Here's what I see when I use the one from the keras article:

gray_conv2_max_activations2

I'm wondering why the images look so different? When I look at the source code, your library is far more complex than the example in the keras blog. But it seems to work in a similar way, using a random seed image, and then gradient ascent.

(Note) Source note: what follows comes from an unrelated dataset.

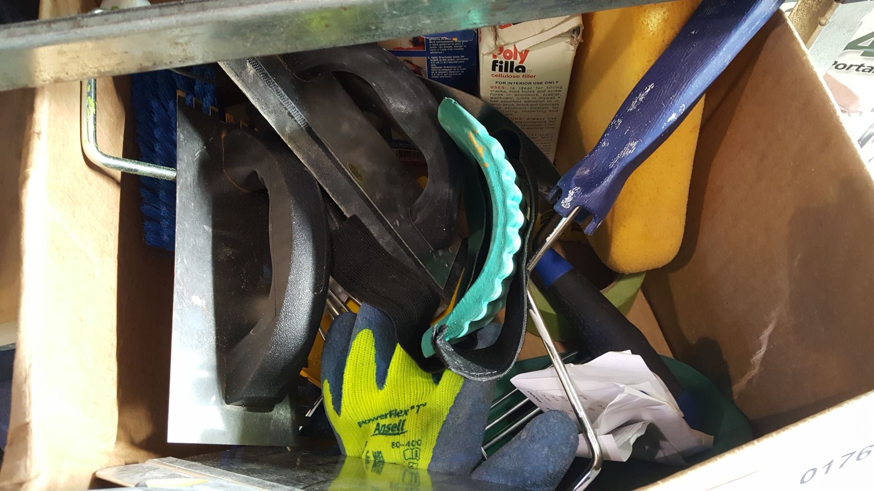 BOX OF DRYWALL TOOLS AND KNEEPADS
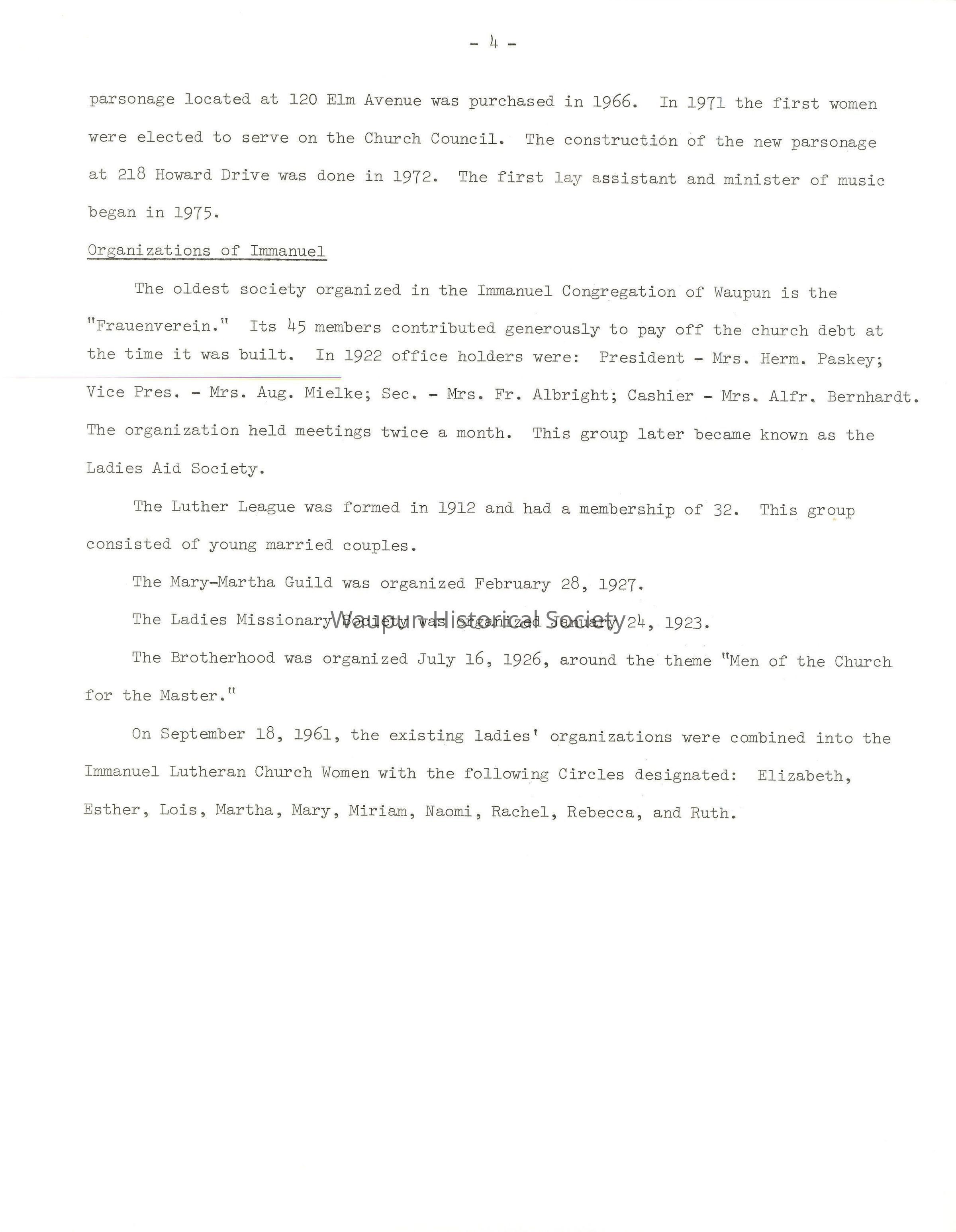 The oldest society organized in the Immanuel Congregation of Waupun is the "Frauenverein." Its 45 members contributed generously to pay off the church debt at the time it was built. In 1922 office holders were: President - Mrs. Herm. Paskey; Vice Pres. - Mrs. Aug. Mielke; Sec. - Mrs. Fr. Albright; Cashier - Mrs. Alfr. Bernhardt. The organization held meetings twice a month. This group later became known as the Ladies Aid Society.

model = models.Sequential(name='MNIST Keras')
model.add(
    Conv2D(
        32,
        kernel_size=(5, 5),
        activation='relu',
        input_shape=image_shape,
        padding='same',
        name='conv1'))
model.add(MaxPooling2D(pool_size=(2, 2), padding='same', name='pool1'))
model.add(
    Conv2D(
        64,
        kernel_size=(5, 5),
        activation='relu',
        input_shape=image_shape,
        padding='same',
        name='conv2'))
model.add(MaxPooling2D(pool_size=(2, 2), padding='same', name='pool2'))
model.add(Flatten())
model.add(Dense(1024, activation='relu', name='fc1'))
model.add(Dense(10, activation='relu', name='fc2'))
model.add(Dense(num_classes, activation='softmax', name='predictions'))
model.compile(
    loss=losses.categorical_crossentropy,
    optimizer=optimizers.Adam(),
    metrics=['accuracy'])

The model is very simple, and I'm only visualising the filters at conv2. The network was trained to:

loss: 0.0062 - acc: 0.9981 - val_loss: 0.0355 - val_acc: 0.9915
loss and accuracy: [0.03553478841514684, 0.9915]
CMCDragonkai commented 5 years ago

I decided not use this system for visualisation as it wasn't really understandable.

Instead I presented CNN visualisation paper a few weeks back in Sydney: https://www.meetup.com/Sydney-Paper-Club/events/pssrqpyxmbjb/

Deconvnets would need to be adapted to the resnet architecture as it was designed against the VGG16 architecture.